— Task prompt —
Pictures in the entries below are excluded; copy only the lines from the one containing "The Minerva Public" to the one containing "Steve’s Sports is", both included.

— Material to process —
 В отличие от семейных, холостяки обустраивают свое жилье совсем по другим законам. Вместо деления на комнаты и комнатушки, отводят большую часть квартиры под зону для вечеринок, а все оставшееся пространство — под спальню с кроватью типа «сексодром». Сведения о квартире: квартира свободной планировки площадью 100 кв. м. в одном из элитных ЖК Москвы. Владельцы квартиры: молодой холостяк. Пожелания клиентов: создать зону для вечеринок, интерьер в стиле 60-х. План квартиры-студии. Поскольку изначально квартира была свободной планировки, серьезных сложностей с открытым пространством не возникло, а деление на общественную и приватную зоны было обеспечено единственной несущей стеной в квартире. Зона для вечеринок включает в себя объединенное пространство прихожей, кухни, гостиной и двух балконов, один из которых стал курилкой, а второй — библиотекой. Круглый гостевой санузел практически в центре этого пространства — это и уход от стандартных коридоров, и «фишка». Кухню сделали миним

---

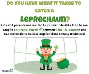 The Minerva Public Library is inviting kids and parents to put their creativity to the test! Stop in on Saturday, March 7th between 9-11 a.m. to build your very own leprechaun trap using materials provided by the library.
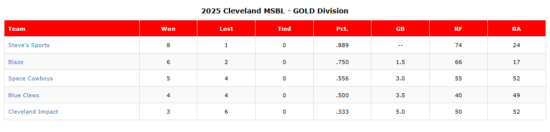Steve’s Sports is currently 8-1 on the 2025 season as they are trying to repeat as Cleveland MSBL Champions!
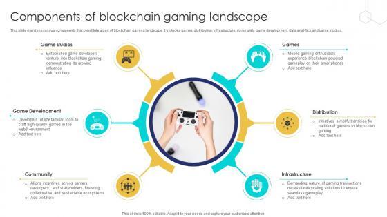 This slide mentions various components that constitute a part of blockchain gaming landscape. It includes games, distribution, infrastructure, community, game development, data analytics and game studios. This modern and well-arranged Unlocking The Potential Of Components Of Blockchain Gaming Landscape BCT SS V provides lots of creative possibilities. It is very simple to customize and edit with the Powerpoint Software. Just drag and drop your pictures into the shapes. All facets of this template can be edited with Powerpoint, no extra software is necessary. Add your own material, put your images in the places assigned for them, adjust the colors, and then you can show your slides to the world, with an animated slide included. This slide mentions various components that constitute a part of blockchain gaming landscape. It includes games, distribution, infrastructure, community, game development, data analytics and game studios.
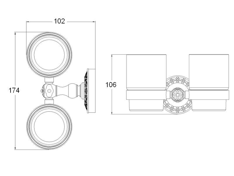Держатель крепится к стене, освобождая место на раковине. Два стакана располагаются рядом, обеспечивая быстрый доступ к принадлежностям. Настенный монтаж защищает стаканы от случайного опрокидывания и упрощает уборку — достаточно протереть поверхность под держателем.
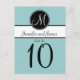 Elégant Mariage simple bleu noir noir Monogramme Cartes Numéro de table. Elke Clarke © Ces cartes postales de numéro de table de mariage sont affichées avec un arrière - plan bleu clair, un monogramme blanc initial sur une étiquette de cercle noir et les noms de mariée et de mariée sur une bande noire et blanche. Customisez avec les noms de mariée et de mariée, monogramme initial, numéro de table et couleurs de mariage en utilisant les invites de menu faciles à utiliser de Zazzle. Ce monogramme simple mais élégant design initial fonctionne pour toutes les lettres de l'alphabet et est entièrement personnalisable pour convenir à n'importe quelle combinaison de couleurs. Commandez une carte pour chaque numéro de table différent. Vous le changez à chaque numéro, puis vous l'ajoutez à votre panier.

— Exercise solution —
 The Minerva Public Library is inviting kids and parents to put their creativity to the test! Stop in on Saturday, March 7th between 9-11 a.m. to build your very own leprechaun trap using materials provided by the library.
Steve’s Sports is currently 8-1 on the 2025 season as they are trying to repeat as Cleveland MSBL Champions!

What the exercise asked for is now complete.